Nature Online: The video equivalent of an intriguing and wonderful nature guidebook has just been placed on the Web, thanks to the combined efforts of nearly 30 public-television stations nationwide.

The American Field Guide, as the online collection is called, offers more than 1,200 documentary video clips—more than 130 hours' worth—exploring facets of the natural world. And each clip comes with advice for educators on how to use it in their teaching.

The mini-documentaries, which originally aired on public TV, include sea turtles hatching in Texas, a trip by kayakers down Washington state's White Salmon River, and an interview with a naturalist who documented 300 species of plants and flowers at Kentucky's Mammoth Cave.

The content is organized into eight major categories: animals, ecosystems, human history, livelihoods, Earth and space, plants, public policy, and recreation.

The clips can be viewed at www.pbs.org/afg.

An accompanying computer window presents the chosen documentary's complete transcript, which computer users can click on to skip to different parts of the video.

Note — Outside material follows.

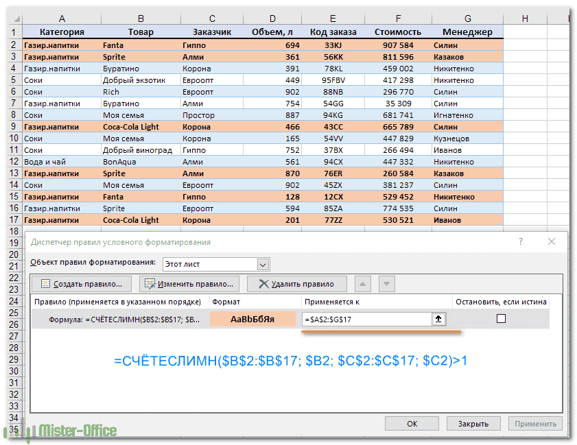 Для этого используйте функцию СЧЁТЕСЛИ, которая позволяет сравнивать по разным критериям. Например, чтобы выделить строки с одинаковыми значениями в B и C, то есть найти заказы на один и тот же продукт от одного и того же клиента, используйте одну из следующих формул: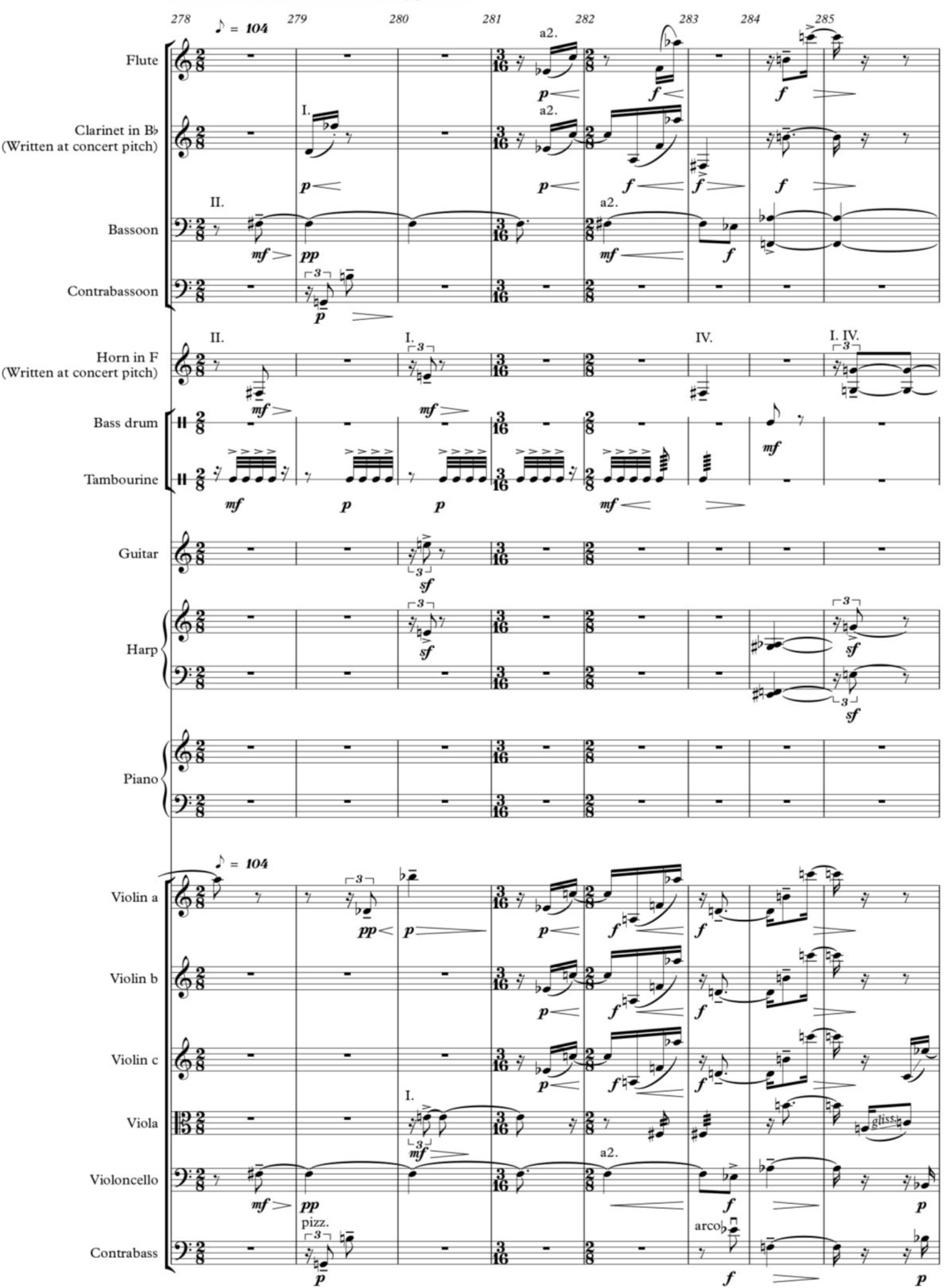 Through attending to how this section utilizes secondary parameters, its musical logic is relatively clear. There is little difficulty in linking this work with the serialism practiced by the Darmstadt School (as it has been theorized here). But before making this leap, there is something that must be addressed. Namely, in bars 93–110, the relatively stable identity of the repeated figure and its stubborn repetition—basically functioning as an accompanimental figure—gives the section a motivic and metric consistency, perhaps even a subdued sense of conventional rhetoric. This is not an isolated case: another example can be seen between bars 278–285. Here a fragmentary and pointillistic “accompaniment” (similarly held together by a repeating rhythmic figure, here in the tambourine) is set against rising string melodies (music example 1.5). One could also note the loud “tutti” that closes the work in a cadence-like manner. These moments are grist for the mill for Berio’s commentators who have narrated his cultural production in terms of his persistent individuality.

Many of the video stories are notable for their local flavor. "They came from all these local TV stations, by people documenting what they know, literally, in their backyards," said Kevin Dando, a spokesman for the Alexandria, Va.-based Public Broadcasting Service, the nonprofit media company owned by 346 public-television stations.

PBS will continue to expand the online resource, which will be a permanent fixture on the organization's Web site, Mr. Dando said. Although educators and students can view the videos online, PBS will not allow people to download the material.

Jack Galmiche, the executive vice president of Oregon Public Broadcasting, which helped produce the guide, said in a statement that the video series represents what "educators expect from public television."